Practical guide · 2026-05-05

Run modern AI on your own hardware — not in 5 years, today.

On a single $300 RTX 3060 Ti — 8 GB VRAM, WSL2, 14 GB RAM — we ran DeepSeek V4-Flash (DeepSeek's 284 B-total / 13 B-active Mixture-of-Experts model, 159 GB of weights across 46 safetensors shards) end-to-end through our own native C++/CUDA inference engine. We closed it as Surgery Case 01: out-of-core inference of a 284 B-parameter MoE on a single consumer GPU. Decode: 1.86 tok/s real-weight warm → 0.16 tok/s on the full 43-layer text loop. Bottleneck is random disk I/O, not compute — our PLANCK_PACK contiguous expert layout lifted DMA throughput 6.5× (0.13 → 0.85 GB/s) and the model is still disk-bound. (Baseline check, since people ask: a Q4 7B fits trivially and runs at 83.58 tok/s on the same card — that is the floor in 2026, not a feat.)

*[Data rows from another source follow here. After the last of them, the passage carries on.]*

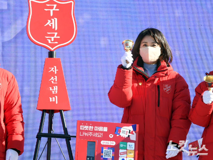 더불어민주당 이재명 대선후보 부인 김혜경 씨가 1일 오전 서울광장에서 열린 '2021 구세군 자선냄비 시종식' 에 참석해 종을 울리고 있다. 황진환 기자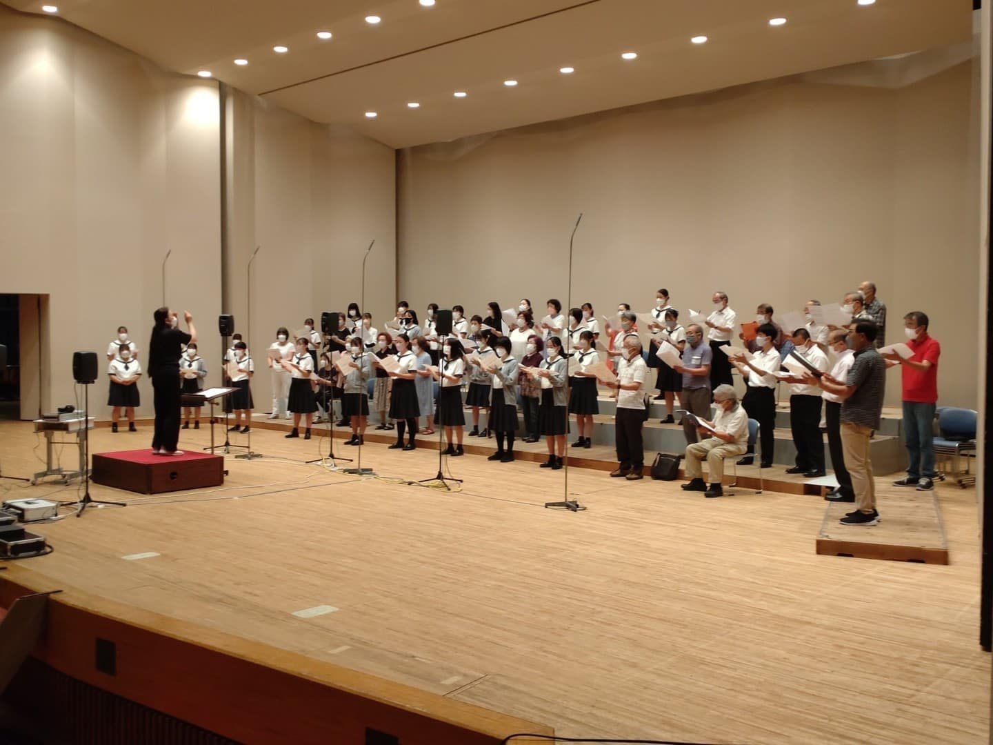 このたび、学校創立100周年を記念して、オーケストラ伴奏による混声三部合唱の演奏で校歌の収録を計画し、2022年9月19日、ひたちなか市文化会館大ホールにて、地元音楽愛好家、音楽団体の協力のもと、レコーディングを行いました。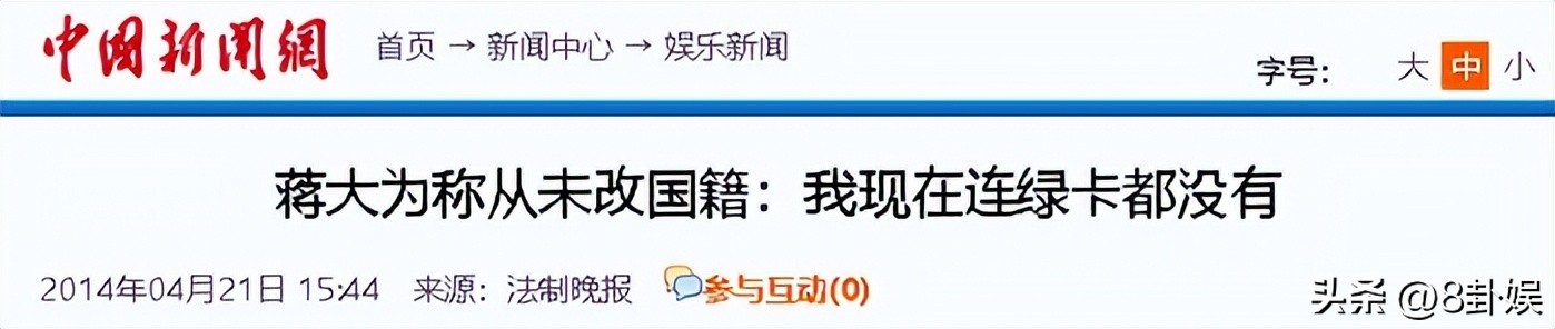 1.中国新闻网:蒋大为称从未改国籍:我现在连绿卡都没有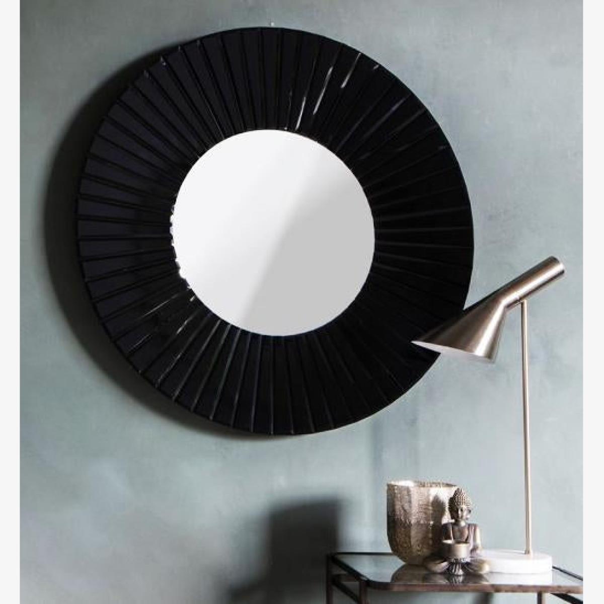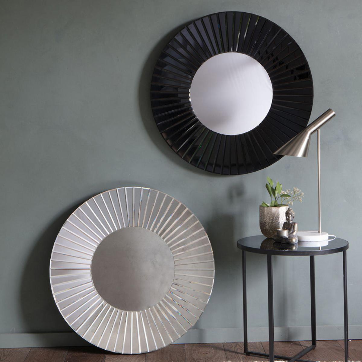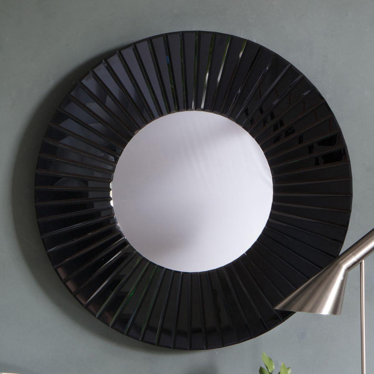 Create a contemporary paradise in your home with the Faxton mirror from Gallery Interiors. Carved in a classic sunburst effect with a modern twist, this stunning mirror is finished in black and has. View More. Create a contemporary paradise in your home with the Faxton mirror from Gallery Interiors. Carved in a classic sunburst effect with a modern twist, this stunning mirror is finished in black and has a subtle shine. With its perfect circular form and diameter of 80cm, the Faxton mirror will look great in any contemporary, ethnic or eclectic setting; for example, use it as a bathroom mirror in a monochrome design or place it above a mantelpiece to create an eye-catching display. Mix and match with other pieces from Gallery Interiors for the latest modern and on-trend style for your living space.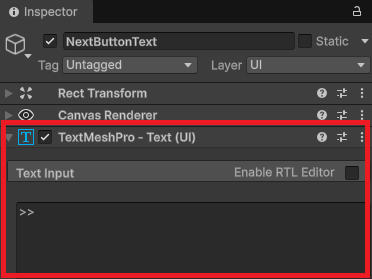 ボタンの表示内容も変更します。ヒエラルキーでNextButtonTextを選択した状態で、インスペクターの中にTextMeshPro-Text(UI)があるので、この中のText Inputに>>と入力。PrevButtonTextも同じように、こちらは<<と入力します。
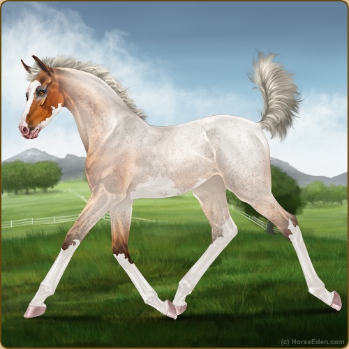 Color: Silver Copper Bay Roan Sabino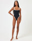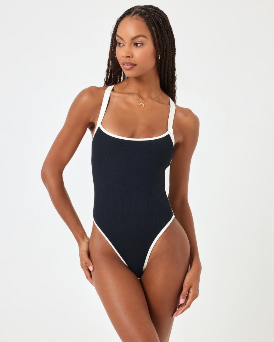 Ribbed Baewatch One Piece Swimsuit - Black-Cream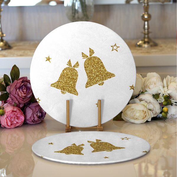 Realhomes Beyaz Zeminde Gold Renkli Çan Desenli Dijital Baskılı Modern 2’li Yuvarlak Servis Altlığı – Supla

This page is the practical reference. Real numbers, real bottlenecks, every claim sourced. Companion to /ai (the field map) and /ai-faq (the Q&A).

1 · Why run AI locally at all.

Cloud AI APIs are excellent at one thing: getting you to a working prototype in twenty minutes. They are bad at almost everything that comes after. Local AI is what you want when:

  • Privacy: prompts contain customer data, source code, medical records, or anything that should not leave the building.
  • Cost at scale: at 10M+ tokens per month, a $300 GPU pays itself back in weeks compared to a metered API.
  • Sovereignty: regulators, governments, and laboratories cannot tolerate a vendor revoking access on a Tuesday.
  • Latency: the round-trip to a US data centre is longer than the inference itself for short prompts. Local removes the network.
  • Air-gap: classified networks. Field deployments. Anything offline by design.
  • Tuning: cloud APIs do not let you fine-tune custom organs for your domain. Local does. See /surgery.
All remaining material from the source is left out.